High School Heroes is a young adult novel by American author James Mascia originally published in September 2010 by a small press publisher L&L Dreamspell.

The story is about a young girl named Christine Carpenter, who on her first day of her sophomore year at Thomas Jefferson High School, discovers she has the amazing ability to read the minds of others. At first, she thinks she is cursed with these powers but eventually comes to terms with them and becomes a superhero. The story is one of the few novels written about superheroes that is not a comic book. The novel is essentially a book about heroism and it teaches the values of being a hero even to those without powers.

Plot
On Christine Carpenter's first day of her sophomore year at Thomas Jefferson High School she makes a startling discovery. She can hear peoples’ thoughts. After convincing herself she's not going crazy, Chris must learn to control her amazing mind-reading ability.  Using her power she quickly realizes her crush, the captain of the football team, is also blessed with a special ability. She is soon sucked into a world she never thought possible when two more of her classmates, and a teacher, turn out to have powers as well. What are they meant to do with their special gifts that can either help, or harm others?  Christine soon finds out when a monster, lurking in the depths of her school, threatens to murder the student population. When it becomes apparent that the creature is someone she knows, she must decide whether to try and save him, or destroy the beast. It is a difficult choice, but one that ultimately takes her from being an ordinary high school student to being a hero.
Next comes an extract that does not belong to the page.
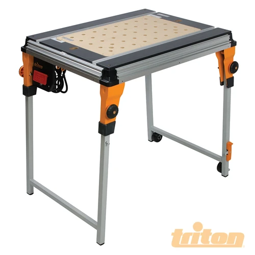 Poste de travail polyvalent compatible avec une large gamme d’accessoires permettant de s’attaquer à tous les types de travaux. Interrupteur principal intégré et prise universelle pour brancher les outils électriques, avec arrêt coup de genou.

With this, Christine learns that being a hero doesn't mean having superpowers, it is ultimately the decisions she makes that are the distinguishing factors.

Supplementary work
High School Heroes also has some supplementary stories published in comic book form on WeVolt.com. The stories contained here focus more on the minor characters of the novel, such as Savanah Stephenson and Bobby Barnes.

Themes
One of the major themes of High School Heroes is that it is the actions of the individual that makes them a hero, and that even small actions can make a person a hero in the eyes of others. This theme is most exemplified in the novel during the scene where Christine Carpenter and Ethan Everett help a man who dresses as a superhero, but has no powers, Captain Falcon, distribute toys to needy children. Another great theme is the idea that power does corrupt and that a person must fight against that corruption. During the novel, Christine finds herself losing her friends because she is using her mind control powers to influence them. Once she realizes the error of her ways, it is difficult for her to control herself again.

Origins
James Mascia says that he got the inspiration to write this story when he had a conversation at Comic Con with someone about how there were very few superhero stories published outside of the comic book or graphic novel genre. So, he set out to write a story that was just that: a superhero story that had no ties to a comic. He then created the character of Christine Carpenter, and decided she would have not only the ability to read minds, but also be able to show people their greatest fears. The original story of Christine was published in the magazine A Thousand Faces, a journal of superhuman fiction.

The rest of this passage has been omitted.